= Georg Charpentier =

Georg Charpentier (born 11 August 1956 in El Salvador) currently serves as United Nations Deputy Special Representative and Resident Coordinator in Libya. He was appointed to this position by the United Nations Secretary-General Ban Ki-moon on 19 September 2011. Previously, he was the Deputy Special Representative of the United Nations Secretary-General for Côte d'Ivoire. In this capacity, he is responsible for Humanitarian Coordination, Recovery and Reconstruction, Resident Representative of the United Nations Development Programme (UNDP), Resident Coordinator of the United Nations System in Côte d'Ivoire and Humanitarian Coordinator.

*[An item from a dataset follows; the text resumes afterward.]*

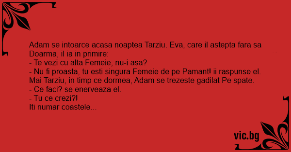 Adam se intoarce acasa noaptea Tarziu. Eva, care il astepta fara sa Doarma, il ia in primire: - Te vezi cu alta Femeie, nu-i asa? - Nu fi proasta, tu еsтi singura Femeie de pe Pamant! ii raspunse el. Mai Tarziu, in timp ce dormea, Adam se trezeste gadilat Pe spate. - Ce faci? se enerveaza el. - Tu ce crezi?! Iti numar coastele...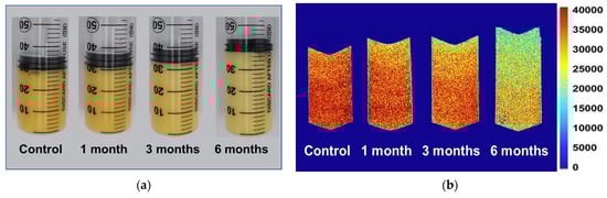 In order to better characterize the distribution and migration of hydrogen protons in different phases in the food system, the egg yolk powder was gelated at different storage periods, and its magnetic resonance imaging (MRI) was measured. In this sample, a 50 mL syringe was used to prepare the gel, so the longitudinal section of the gel was selected in the MRI detection (Figure 6a), and the pseudocolor image was obtained through later software processing. It can be intuitively seen from Figure 6b that the red color in the middle and lower part of the sample is darker, and the signal intensity in the upper part is weaker. Compared with the control group, the heated egg yolk gel volume increased with the extended storage time, and the proton signal gradually decreased in the MRI images. The proton signal of the egg yolk powder stored for 6 months significantly differed from that of the control group. In magnetic resonance imaging (MRI), protons with lower signal intensity tend to appear blue, while protons with higher signal intensity tend to appear red [43]. As shown in Figure 6b, the closer the sample is to the upper part, the lower the proton signal may be due to the large amount of lipids in the egg yolk, the oxidation of proteins during storage, and the change in lipoprotein structure, which reduces the lipid-binding ability of proteins and makes lipid molecules separate from lipoproteins. This results in a gradual movement of free lipid molecules to the top region of the yolk gel [44]. However, with the extension of storage time, the structural stability of lipoproteins in egg yolk powder decreased, and a large number of free lipid molecules were produced, so the MRI images of egg yolk powder stored for 6 months were significantly different from those of other groups.

For more than two decades, Charpentier has been working with the UN and serving in different functions. His first position with the Organization was a Programme Officer in Vietnam, where he started in 1984. He then moved on to different posts in a variety of countries, including Mauritania, Mali, São Tomé and Príncipe, Lesotho and Ethiopia. In Congo and Burundi, he served as Resident Representative and Resident Humanitarian Coordinator.

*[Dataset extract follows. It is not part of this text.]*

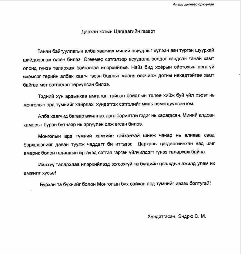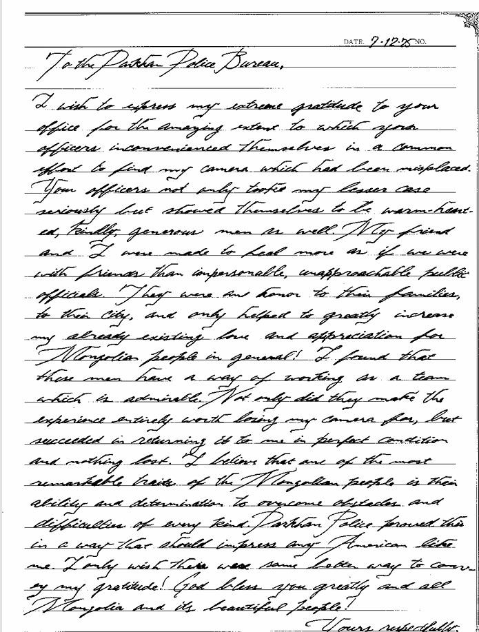 Уг үйл явдлын талаар Америкийн Нэгдсэн Улсын иргэн Эндрю тус аймгийн цагдаагийн газрын алба хаагчдын мэргэжлийн ур чадвар, сайхан сэтгэлийг цохон тэмдэглэж, цаашдын ажилд нь амжилт хүссэн талархал ирүүлсэн байна.

His senior appointment within the UN include deputy director of UNDP's Bureau of Crisis Prevention and Recovery, in Geneva. In this capacity, he was responsible for countries in transition and in post-crisis situations, the reduction of the circulation of small arms, demobilisation, prevention of catastrophes and assistance to countries seeking to adapt their programmes to post-crisis situations.

Charpentier also served as coordinator of the UN System and resident representative in Burkina Faso since 2004. In 2006, he went to Burundi to help prepare for the creation of the UN Integrated Office in Burundi.

Charpentier has a master's degree in economics (1981) from Helsinki University.